We are therefore going to create new but specific code lists to address this. In one study we had age represented in Months and Days so previously AGU listed both units. We therefore differentiated this creating two new code lists ‘TS_AGEU’ (years) and DM_AGU (days). We are also now planning to apply this to other parameters e.g. create specific UNIT lists e.g. for the BW domain (Codelist BW_UNIT) where previously the UNIT code list listed all units for the study. Similarly this would apply to other domains where we want them to link to specific units entries e.g.
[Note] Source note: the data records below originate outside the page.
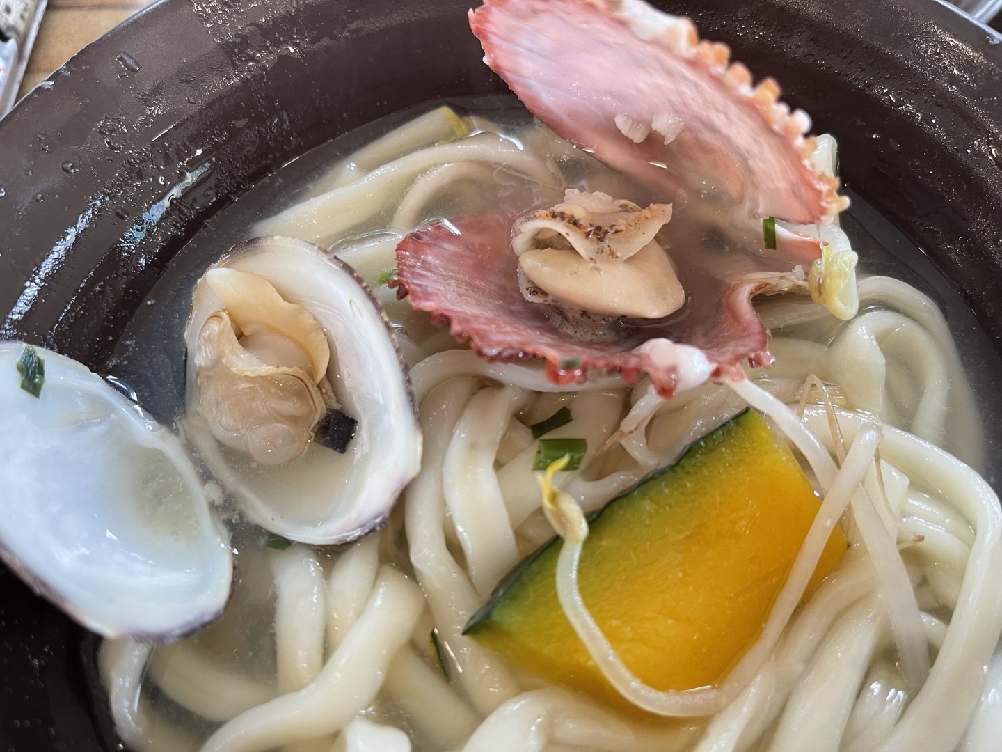 보들보들 칼국수와 땡글쫄깃해 보이는 조개들. 단호박도 들어있네요.
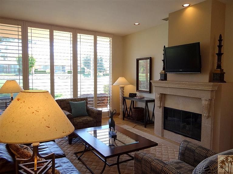 This wonderful 2BD/2BA plus 3rd BD/office seasonal rental is located in the exclusive Marrakesh CC. It is situated on the 16th fairway with the spectacular unobstructed view of the golf course, lake and mountains. Extensively upgraded with custom kitchen cabinetry, granite counters, designer tile floors, new bathrooms, plantation shutters, fireplace. Sliding glass doors open in to the private South facing patio. Spacious Master Suite offers King bed and a walk-in closet, guest bedroom has 2 Full beds, 3rd bedroom/bonus room offers a Queen Murphy bed. It is tastefully decorated, well equipped and has everything to meet your needs during your stay. Community pool is conveniently located just minutes away. Marrakesh is one of the most desirable locations for a desert vacation experience. It offers 18-hole executive golf course, 14 pools/spas, fitness, tennis and clubhouse with fine dining. Located near famous El Paseo with world class shopping and art galleries.
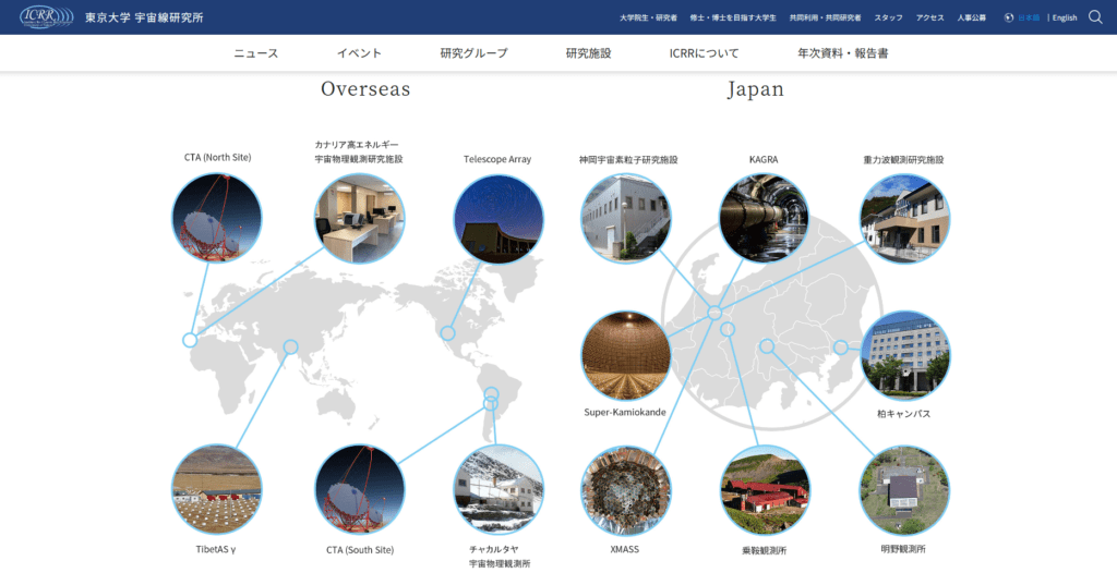 研究施設 | ICRR | Institute for Cosmic Ray Research University of Tokyo (u-tokyo.ac.jp)

LB domain and SPEC, DOSE and possibly SEV (for CLIN and MI/MA).
So adding (for example) the following codelists:
BW_UNIT
LB_UNIT
EXDOSEU_UNIT
Etc

These would have to be specific to each study but hopefully there would be a core set [4].

The other question was to do with dictionaries – We had a comment when we stated ‘no dictionaries used’ which was picked up “There is no such Codelist as “No Dictionaries Used” this is a comment not a codelist. This may be the way our define software works. We gathered from that that we should have no reference to dictionaries at all if we have not used any ‘external’ dictionaries so we removed it. But was this really necessary? [11]

J. Feldmann
1. When a variable entry contains more than one value (separated by a semi-colon) do you include two entries in the codelist? [3]
2. If there is only one choice possible, must it be in a codelist? For example, if Null and Y only, does Y have to be included in a codelist?
3. Which variables that are not associated with published CDISC controlled terminology must have a define.xml codelist? For example, ARM and SET have a define list of entries from the protocol, so should those have a codelist? [2]
4. When is it appropriate to include terms not used in the study (specific rules)? My thinking is that you do this when the full list is needed to interpret the entries that have been used on the study, for example when there is a ranked list of terms, you need to have all entries available for collection shown to correctly interpret what was collected on the study. [3]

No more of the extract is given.